Rides on a xe om (a moped you pay to ride on the back, gripping for dear life, instead of a taxi) have taught me several things; you are supposed to drive on the right but if you are turning, looking at something, in a bad mood, in a good mood, or if it ever takes your fancy then anywhere else on the road is fine, there is an art to sitting as the Vietnamese do without fear and i am yet to master it, and that I really quite enjoy such an everyday adrenaline rush.
The problem is the xe om drivers (along with tuk tuk drivers, cyclo drivers, taxi drivers, hotel owners, cafe owners, and any person who stands to make a penny out of you in Vietnam) will scam you, charge you more than they said to begin with, attempt to fill your diary with events that they personally will arrange at very good price, and unashamedly rip you off night and day. They are driving us crazy. Normal everyday Vietnamese are very friendly, taking our photos (one group of middle aged women getting rather too excited and grabbing my crotch as they snapped on their camera phones, leaving me extremely flustered and quick to return to the safety of the hotel in Saigon) and waving hello, but anyone in any way connected to the tourist industry is an absolute ****, well i cant type the word as sensitive eyes may be reading, but you get the idea.
We are in Nha Trang now, so have taken just two long distance buses from Ho Chi Minh City, but already have developed serious anxieties about the next one this evening. On first glance the buses themselves are fine, the poor roads rickety and windy but nothing on South America, but its the strange fashion of bus vomiting that is giving us such bus-fear.

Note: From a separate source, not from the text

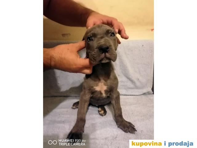 Cane Corso štenad spremni za preuzimanje. Oštenjeni 15.08.2019. Sivi mužjak i ženka i formentino mužjak i ženka dostupni. Štenad su očišćeni od parazita, primili dve vakcine, sivi su kupirani, sa rodovnikom i kartonom vakcinacije.

I assume its a fashionable thing to do in Vietnam otherwise there are several things i cant understand. Why would you vomit just as a bus pulls into a station when you know full well the toilet is within dashing distance? Why would you vomit just after the bus leaves the service station when you have had the opportunity for the last hour to use the toilet? Why would you compete with others to get as many nappy bags as possible to vomit into? Why when sat next to me WOULD YOU VOMIT EIGHT TIMES IN 3 HOURS?!?!?! At least a third of all bus members have vomited on both our previous bus trips, and its really starting to get to me. Look out the window, drink some water, breathe properly and man up. Please, because it smells.